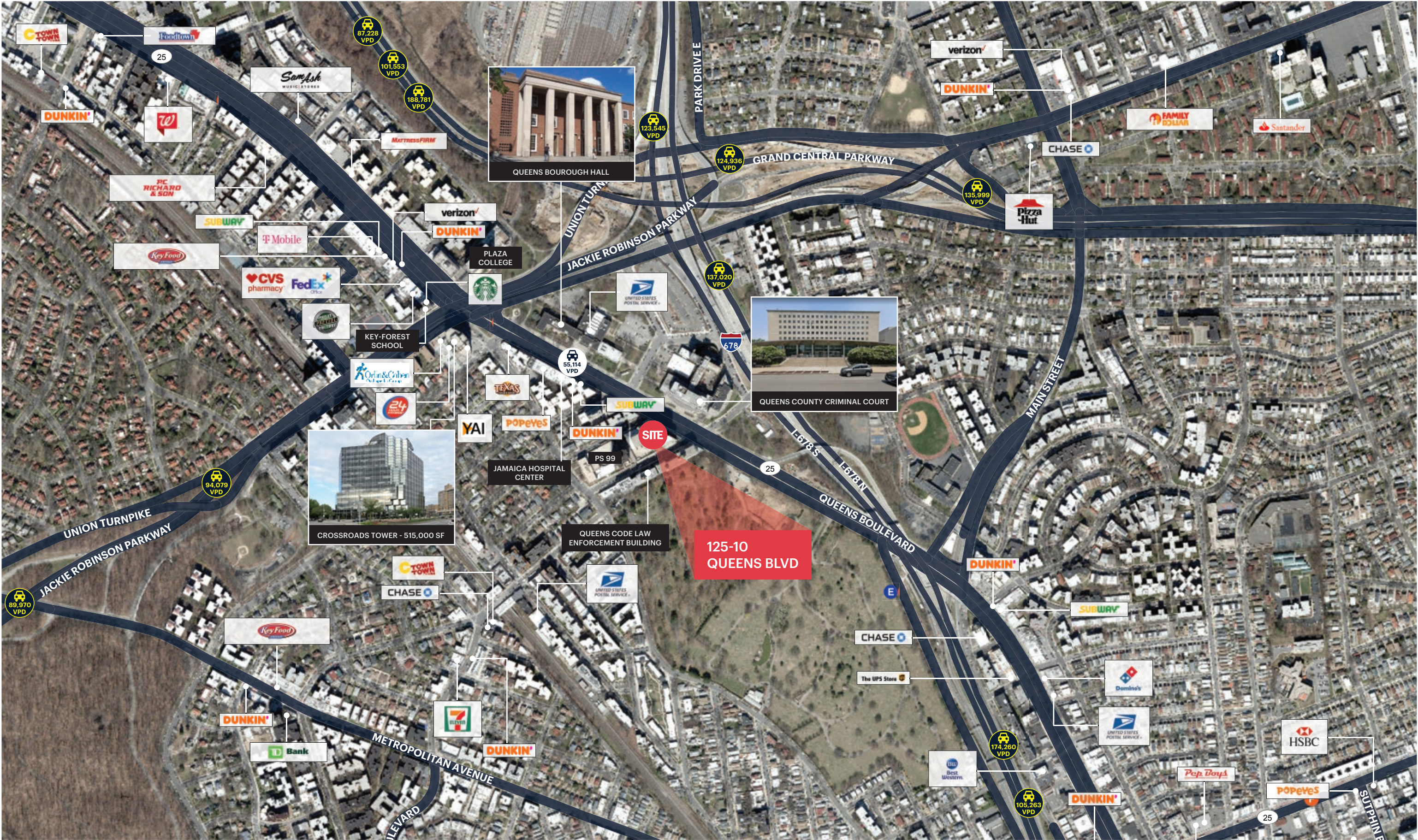
125-10 QUEENS BOULEVARD KEW GARDENS, NY
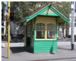
TRAM SHELTER SOHE 2008
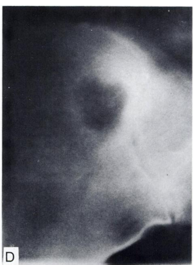
FIG. 1. Thirty-five-year-old female patient studied to exclude breast metastases to bone. A is <sup>85</sup>Sr scan of pelvis showing increased activity in right sacroiliac area. B is x-ray showing large-bowel shadow in same region. C is <sup>85</sup>Sr rescan several days later; activity in right sacroiliac area remains unchanged. D is pelvic tomagraph showing lytic lesion in right ilium.
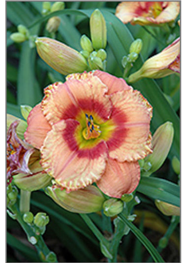
Penny Serenade Daylily flowers
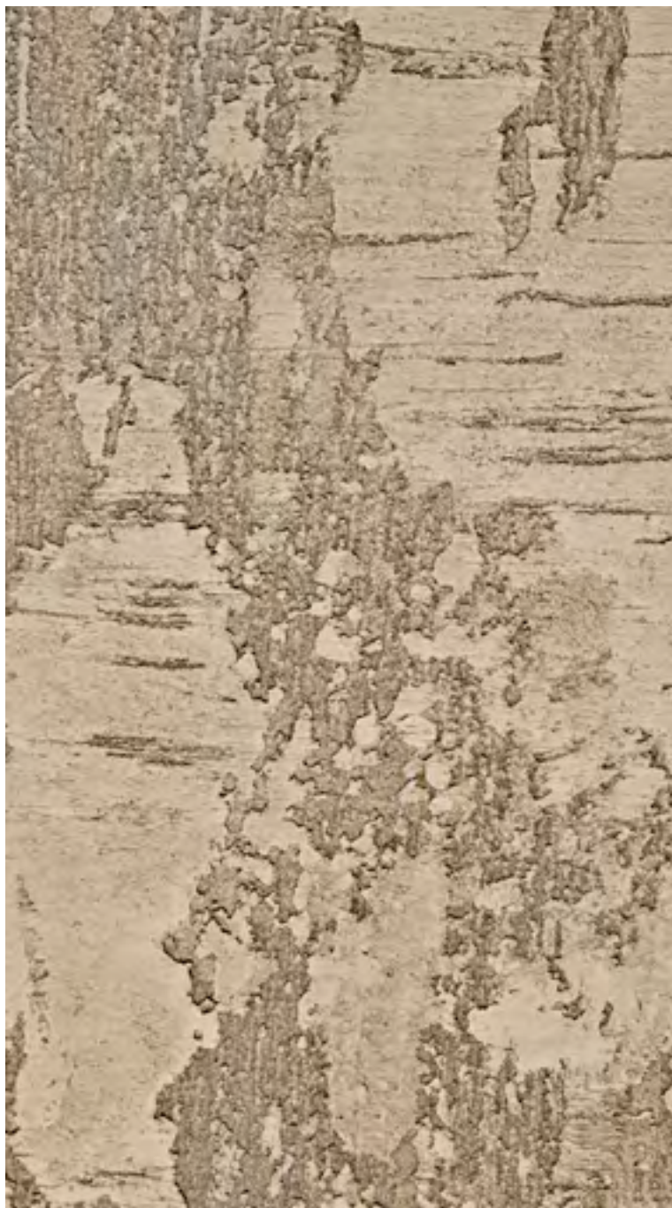
ARCHI+ CONCRETE BIANCO/WHITE & FASE SILOSSANICA 6101 (2 mani/layers)
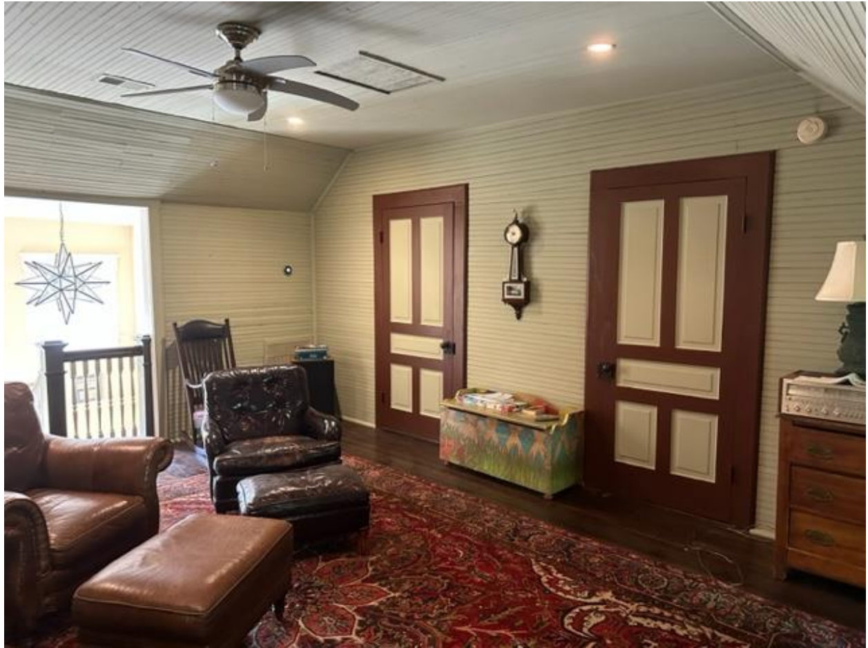
3rd Floor room facing Southwest showing doors entering mechanical room and closet
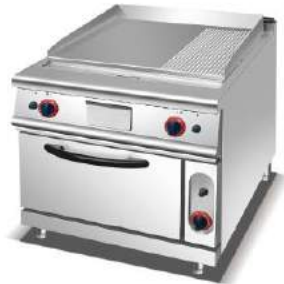
Gas Griddle (2/3Flat, 1/3Grooved) With Gas/Electric Oven

Model: HGR-913/913B Dimension: 800x900x920mm Griddle Size: 725x610x20mm Oven Dimensions: 560x700x270mm LPG2800-3700Pa: 1.25Kg/h NG2000-2500Pa: 1.77m 3 /h Power Supply: 11.8+5.8KW
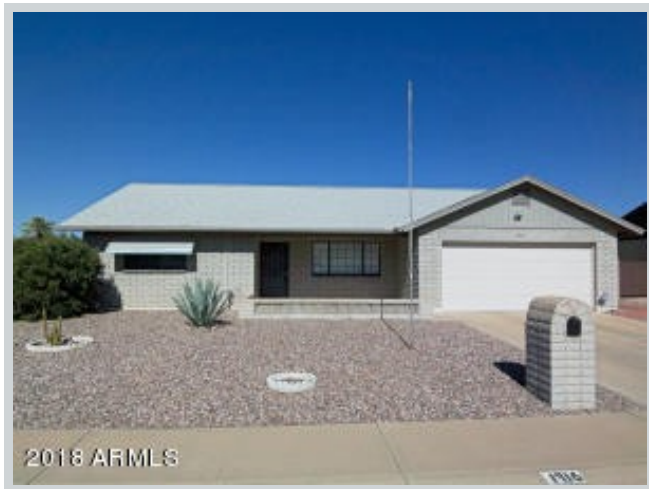
Sold Comp 2 1916 W 15th Ave
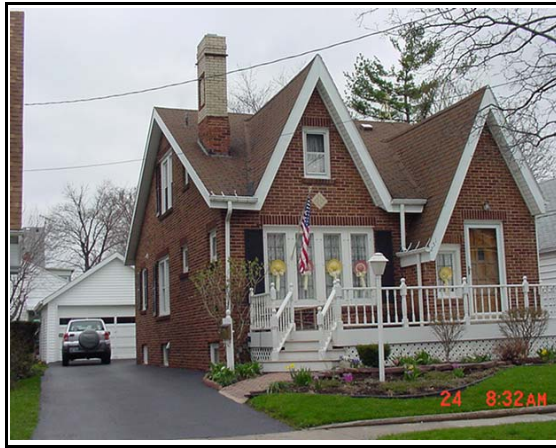
251 Bank St 180200 71.082-1-28

Neighborhood: 300 Property Class: 210 - 1 Family Res Sale Date: 12/8/2023 Sale Price: $ 153,000 Prelim 2024 Land Asmt: $ 17,000 Prelim 2024 Asmt: $ 119,000 Building Style: Cape Cod Exterior Wall: Alum/vinyl Year Built: 1951 Basement Type: Full Grade: Average Condition: Normal SFLA: 1,401 Sale Price/SFLA: $ 109.21 Number Bedrooms: 3 Number Baths: 2.0
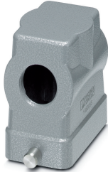
HEAVYCON B10 sleeve housing, for single locking latch, height: 72 mm, with 1 x M25 thread, lateral cable outlet

Please be informed that the data shown in this PDF Document is generated from our Online Catalog. Please find the complete data in the user's documentation. Our General Terms of Use for Downloads are valid ( http://phoenixcontact.com/download )
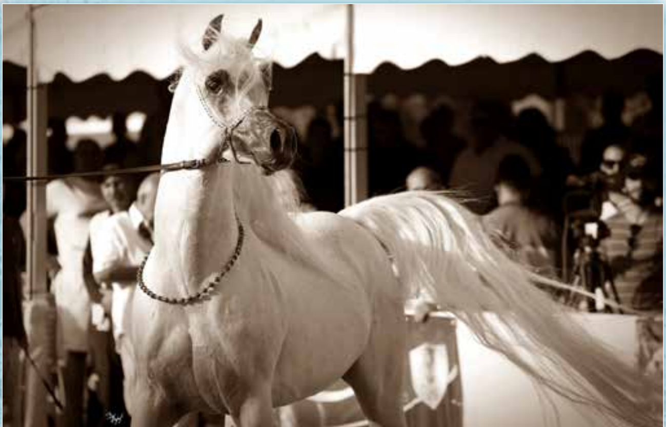
Al Ayal AA - Getting the WAHO Cup in Israel 2017
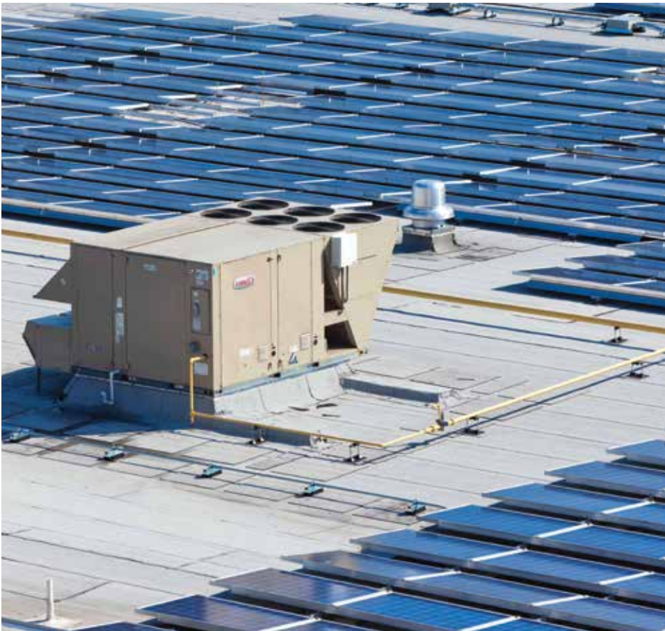
Solar panel installation at Bergen Town Center consisting of over 4000 panels

We continue to investigate additional opportunities in our portfolio, and in 2013 will be working with one of our largest tenants to investigate the feasibility of an onsite fuel cell project.
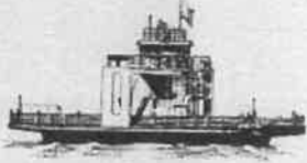
Sugar Islander II

Ferry leaves Sugar Island on the hour and half-hour.
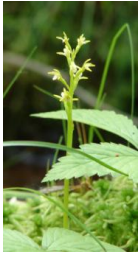
C. trifida: Early Coral-root Bloom time: Late May - mid June. Common, easily overlooked.
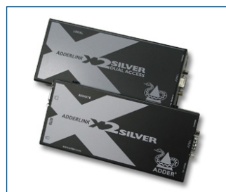
Optional KVM Extender allows monitor to be placed up to 300m away from computer.
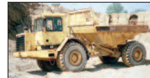
'94 CAT D30D
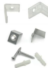
LG1818A-MC Mount Clip
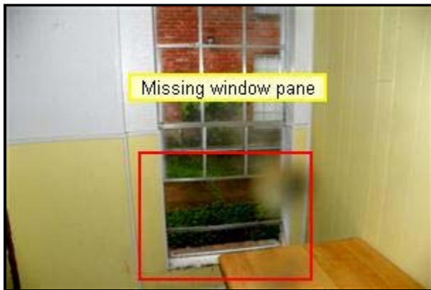
Site laundry room
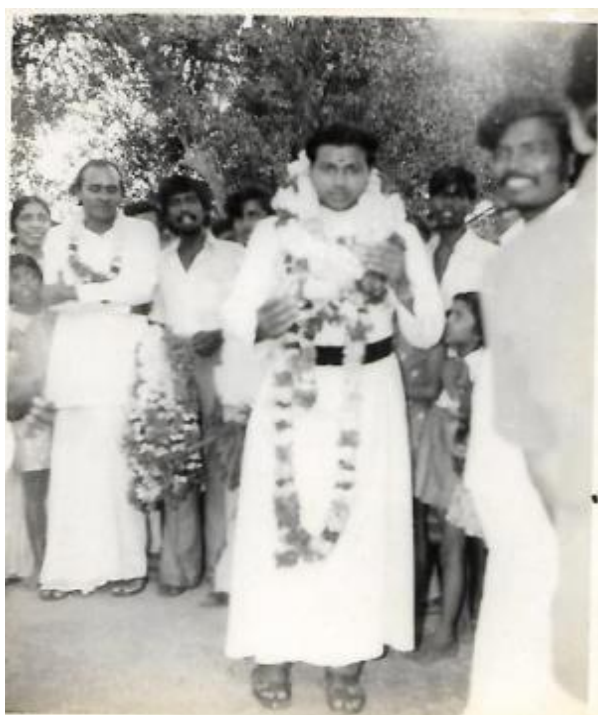
Farewell at Cheddikulam
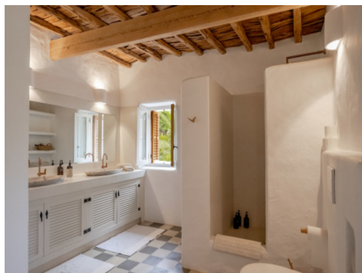
Villa with 8 bathrooms
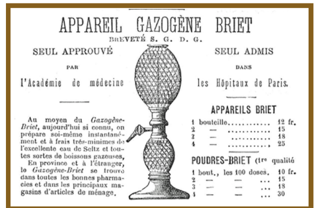
Above: Victorian Gasogene Illustration
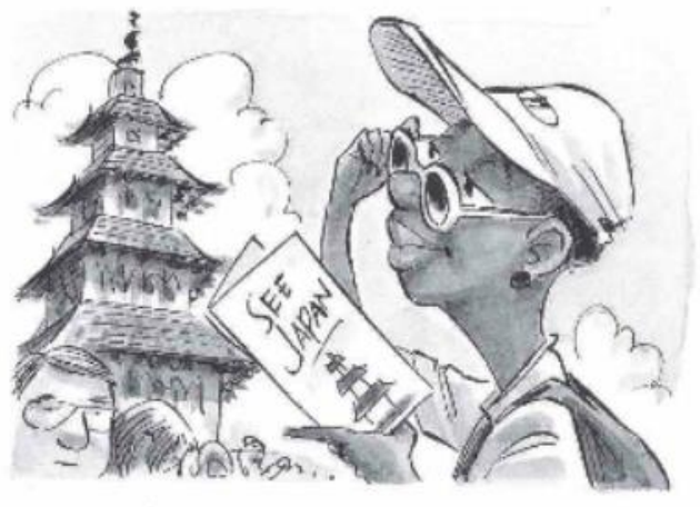
4. A: Is she in Mexico?

B: _ No, they are not, they are in new york
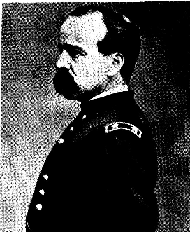
Maj. Gen. Daniel Butterfield

Against staff advice favoring an attack downriver, below the point of Burnside's main thrust, Hooker decided to move against Lee's left (upriver) wing. He would send his cavalry far around the Confederate left to break the Richmond-Fredericksburg railroad. If both halves of the scheme worked, or even if only the first half worked, he might, by getting in Lee's rear, bag virtually the whole Army of Northern Virginia.
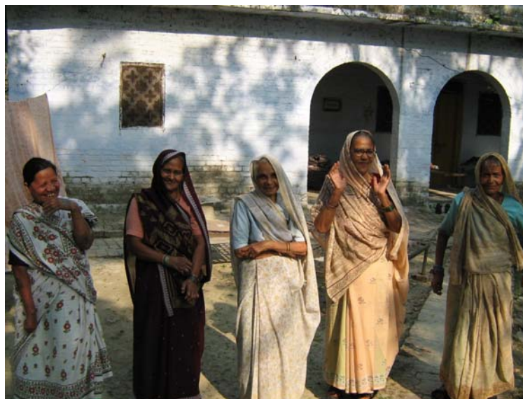
Some of the female residents of Faizabad Mercy Home

Faizabad's Mercy Home - or Snehalaya in the local language - provides long-term residential care for older men and women who are deformed by leprosy and would find it very difficult to live alone. Although cured, these people have often been abandoned by their families and communities because of their disease, but have found a new home for life in Faizabad. Just as important as the practical and medical care given by the mercy home is the companionship and friendship it provides into old age. Residents know they have a safe and secure refuge to the end of their days.
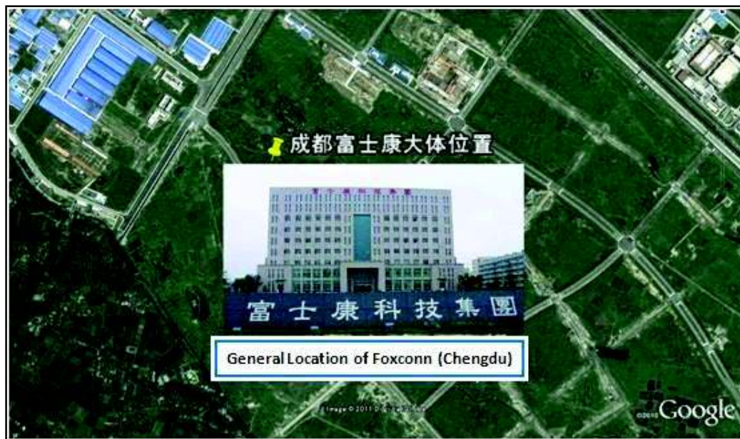
Figure 21: Satellite Image of the General Location of Foxconn Chengdu.

Building at such a hasty speed must mean that pollution control and production safety present huge challenges. According to the accounts given to the media by workers from the polishing workshop, equipment started being installed in the workshop in December 2012, and production was taking place whilst the machines were being installed. The machinery was fully installed in January 2011. “We really didn’t realize before that dust could cause explosions, the work of dust elimination was given to those employees with more experience.” 79
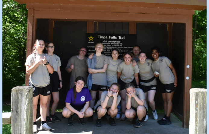
Our cadets participating in several activities!
───
• _Task instructions_:
Set down each entry again exactly as written. Pictures stay out.

• _Exercise answer_:
125-10 QUEENS BOULEVARD KEW GARDENS, NY
TRAM SHELTER SOHE 2008
FIG. 1. Thirty-five-year-old female patient studied to exclude breast metastases to bone. A is <sup>85</sup>Sr scan of pelvis showing increased activity in right sacroiliac area. B is x-ray showing large-bowel shadow in same region. C is <sup>85</sup>Sr rescan several days later; activity in right sacroiliac area remains unchanged. D is pelvic tomagraph showing lytic lesion in right ilium.
Penny Serenade Daylily flowers
ARCHI+ CONCRETE BIANCO/WHITE & FASE SILOSSANICA 6101 (2 mani/layers)
3rd Floor room facing Southwest showing doors entering mechanical room and closet
Gas Griddle (2/3Flat, 1/3Grooved) With Gas/Electric Oven

Model: HGR-913/913B Dimension: 800x900x920mm Griddle Size: 725x610x20mm Oven Dimensions: 560x700x270mm LPG2800-3700Pa: 1.25Kg/h NG2000-2500Pa: 1.77m 3 /h Power Supply: 11.8+5.8KW
Sold Comp 2 1916 W 15th Ave
251 Bank St 180200 71.082-1-28

Neighborhood: 300 Property Class: 210 - 1 Family Res Sale Date: 12/8/2023 Sale Price: $ 153,000 Prelim 2024 Land Asmt: $ 17,000 Prelim 2024 Asmt: $ 119,000 Building Style: Cape Cod Exterior Wall: Alum/vinyl Year Built: 1951 Basement Type: Full Grade: Average Condition: Normal SFLA: 1,401 Sale Price/SFLA: $ 109.21 Number Bedrooms: 3 Number Baths: 2.0
HEAVYCON B10 sleeve housing, for single locking latch, height: 72 mm, with 1 x M25 thread, lateral cable outlet

Please be informed that the data shown in this PDF Document is generated from our Online Catalog. Please find the complete data in the user's documentation. Our General Terms of Use for Downloads are valid ( http://phoenixcontact.com/download )
Al Ayal AA - Getting the WAHO Cup in Israel 2017
Solar panel installation at Bergen Town Center consisting of over 4000 panels

We continue to investigate additional opportunities in our portfolio, and in 2013 will be working with one of our largest tenants to investigate the feasibility of an onsite fuel cell project.
Sugar Islander II

Ferry leaves Sugar Island on the hour and half-hour.
C. trifida: Early Coral-root Bloom time: Late May - mid June. Common, easily overlooked.
Optional KVM Extender allows monitor to be placed up to 300m away from computer.
'94 CAT D30D
LG1818A-MC Mount Clip
Site laundry room
Farewell at Cheddikulam
Villa with 8 bathrooms
Above: Victorian Gasogene Illustration
4. A: Is she in Mexico?

B: _ No, they are not, they are in new york
Maj. Gen. Daniel Butterfield

Against staff advice favoring an attack downriver, below the point of Burnside's main thrust, Hooker decided to move against Lee's left (upriver) wing. He would send his cavalry far around the Confederate left to break the Richmond-Fredericksburg railroad. If both halves of the scheme worked, or even if only the first half worked, he might, by getting in Lee's rear, bag virtually the whole Army of Northern Virginia.
Some of the female residents of Faizabad Mercy Home

Faizabad's Mercy Home - or Snehalaya in the local language - provides long-term residential care for older men and women who are deformed by leprosy and would find it very difficult to live alone. Although cured, these people have often been abandoned by their families and communities because of their disease, but have found a new home for life in Faizabad. Just as important as the practical and medical care given by the mercy home is the companionship and friendship it provides into old age. Residents know they have a safe and secure refuge to the end of their days.
Figure 21: Satellite Image of the General Location of Foxconn Chengdu.

Building at such a hasty speed must mean that pollution control and production safety present huge challenges. According to the accounts given to the media by workers from the polishing workshop, equipment started being installed in the workshop in December 2012, and production was taking place whilst the machines were being installed. The machinery was fully installed in January 2011. “We really didn’t realize before that dust could cause explosions, the work of dust elimination was given to those employees with more experience.” 79
Our cadets participating in several activities!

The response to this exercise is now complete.